В картине возникает множество подобных контрапунктов. Немало и цитат. Пусть ссылки на чужие работы режиссёр использовал не так часто, в сцене с автобусом фанатов неаполитанской футбольной команды явно имеется аллюзия к ленте «Рим — открытый город». Впрочем, последняя для Феллини вовсе не чужая.

Фильм не искрит оптимизмом, автор в нём тоскует. Это не ностальгия в понимании Тарковского, но именно тоска. Грусть по прошлому, по доброму немеркантильному итальянцу, которого сейчас не встретишь на улочках Рима. У старого, традиционного нет средств противостоять наступающему будущему. Наиболее наглядный образ возникает в сцене с фресками, найденными в метро. Современные метростроевцы опасливо предохраняются от древностей масками, тогда как изображения двухтысячелетней давности совершенно беззащитны и тают на глазах изумлённых людей.

Однако апогеем тоски по духу итальянцев является эпизод с приёмом у княгини, в котором режиссёр совершает важный переход от реализма к лёгкому сюрреализму. Ключевое значение здесь приобретает сцена дефиле моделей современной церковной одежды. Разумеется, сразу напрашивается аналогия с «показом», который зрители видели в борделе в середине фильма, но это не главное.
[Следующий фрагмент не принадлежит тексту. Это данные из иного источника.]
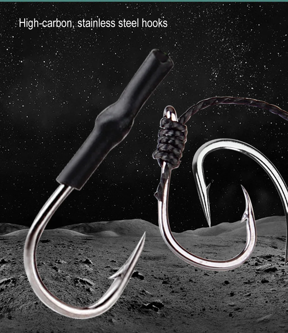 01:High carbon steel barbed hook , it is very strong easily catching big carp fish.

Если поначалу наряды для модных священников вызывают улыбки, то ближе к концу они начинают пугать. Испещрённый лампочками и блёстками костюм епископа не предполагает места для человека. Духовенство без людей. Чем дальше, тем страшнее маски. По подиуму проплывает корабль смерти — современное преломление сюжета «memento mori»[56], который можно увидеть на стенах католических соборов, а также в фильмах Бергмана и Тарковского. Последний, кстати, отказываясь от образного выражения этой темы, предпочитал напоминать зрителю о смерти без иносказания — прямым текстом. Ну а завершает шествие у Феллини римский папа в костюме, вызывающем ассоциации с Гудвином из «Волшебника изумрудного города».

Но всё-таки главный предмет тоски режиссёра — именно город прошлого, ведь в нём-то и обитал утраченный дух. Нет, на этот раз речь вовсе не о мифических временах, когда волчица кормила Ромула и Рема. Это было совсем недавно, в детстве и юности Федерико. А современная столица Италии вызывает тревогу. Она комфортнее для приезжих, чем для коренных жителей, каждый из которых хоть немного, да ретроград. Американский писатель Гор Видал, говорит прямо в фильме: «Рим — то место, где можно ожидать конца света. Он так много пережил, что любой конец здесь станет сказкой». В этой фразе нет любви к Вечному городу, но что, безусловно, роднит Видала с Феллини и Тарковским, так это предчувствие апокалипсиса. В отличие от литератора Анна Маньяни, подлинная итальянка, ставшая после картины «Рим — открытый город» и «Мама Рома» кинематографической иконой, отказывается что-либо говорить Федерико. В её уходе от ответа гораздо больше любви, чем в иных словах. Лента заканчивается сценой, в которой зрители видят «новых римлян» — юных мотоциклистов, не могущих из-за скорости и тряски наслаждаться красотой.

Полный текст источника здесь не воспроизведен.